Monday, November 5, 2012

Sidelined


So here we are.  After 7 years of dancing with TDC, the 4 years prior spent dancing in college, and the 14 years prior spent dancing in Greenwood, Indiana, it’s pretty self-evident that life has taken some serious turns, some of them unexpected but all of them fulfilling.

And now life has given me another unexpected turn and I find myself in yet another unfamiliar phase in my long-term relationship with dance: on the sidelines. Still at rehearsal, but not necessarily in rehearsal, witnessing the creative process instead of participating in it. It’s a fascinating and disconcerting position to be in. While watching my fellow dancers work, even now, only a month removed from creating material myself, I get lost in what they are doing and creating, watching them work as I would watch a dance concert, with enjoyment and a complete lack of understanding of how hard each dancer is working. Watching the process I was just recently a part of, it is remarkably startling how immediately lost that sense of work, frustration, and struggle is.

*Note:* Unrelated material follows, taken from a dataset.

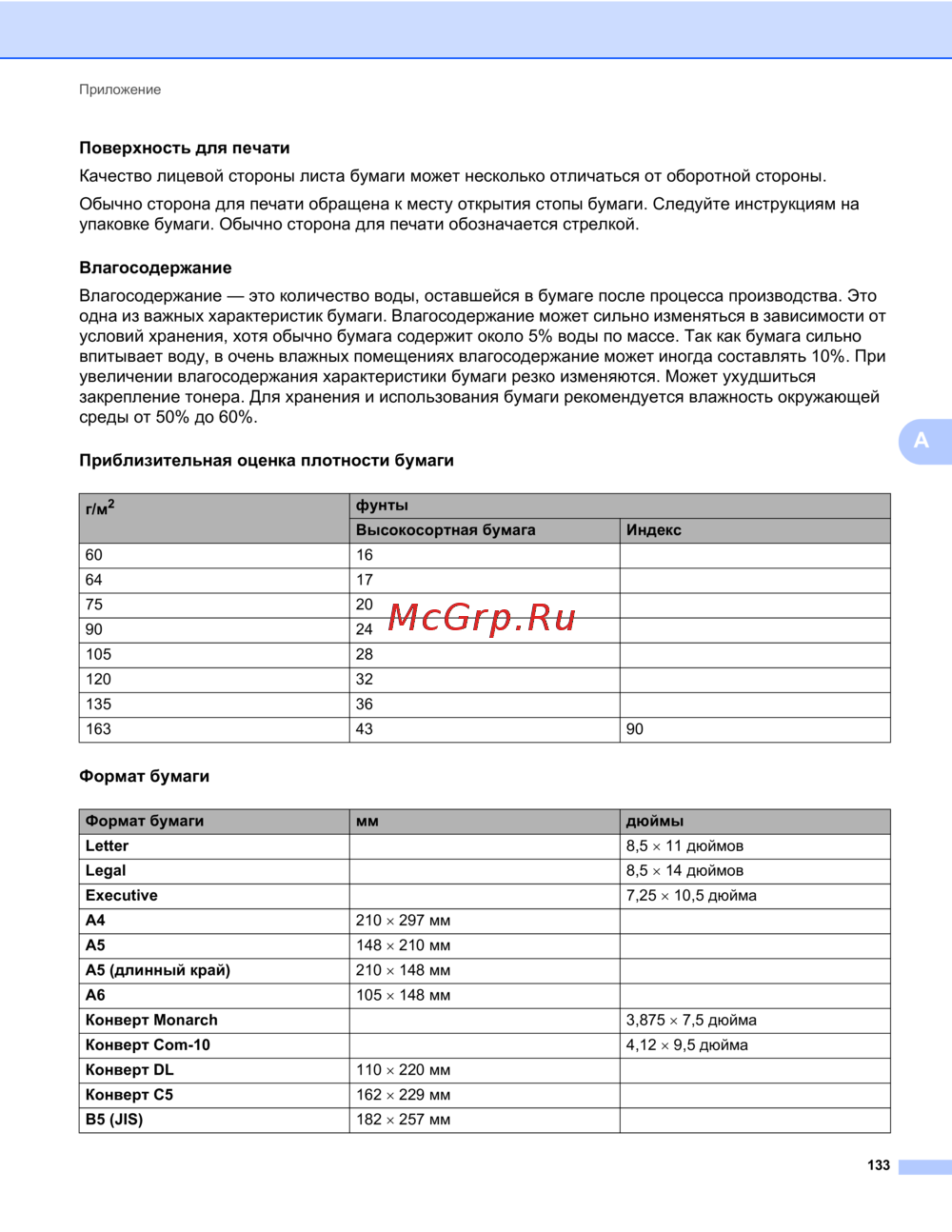 Brother HL-2130R — характеристики бумаги: качество, влагосодержание и форматы [137/154]
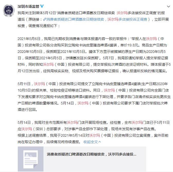 此前5月19日,深圳市场监管发布消息称,已关注到媒体5月12日“消费者质疑进口啤酒篡改日期继续卖沃尔玛多店接投诉正调查”的报道后,立即开展核查,调查情况通报:

This year’s new work offers particular challenges in the way Margi has gone about structuring the creative process – structuring it as such that there is no structure as to what a dancer can do, but only addressing what they CANNOT.  Rather than having a list of qualities, actions, moments, to include, dancers only have a list of what they cannot do – navigating the movement invention period with each other through individual “blind spots” if you will. Again, fascinating to watch, particularly the movement, duets, and group phrases that have been created, but upon flopping down on the floor at 10pm, I see complete exhaustion on the dancers’ faces. Not just physical exhaustion, but mental – mentally drained and spent.

Regardless of how awkward and tense the dancers say they feel in these awkward and tense relationships they are creating, they are delving into areas of self and creativity that I have not yet been witness to in my time in TDC. In my observation, it’s not without some twinges of jealousy that I am not a part of this process with them, but then again, I would also be missing the bigger picture of creativity, instead, stuck in my own frustration and exhaustion at the process.

Which is better? Jury’s still out. I never anticipated myself just sitting on the sidelines in my dance career, but I must say throughout my life, it is those situations I least anticipated that I learned the most. 

Submitted by TDC Dancer Kaitlin Bishop on Monday, November 5, 2012.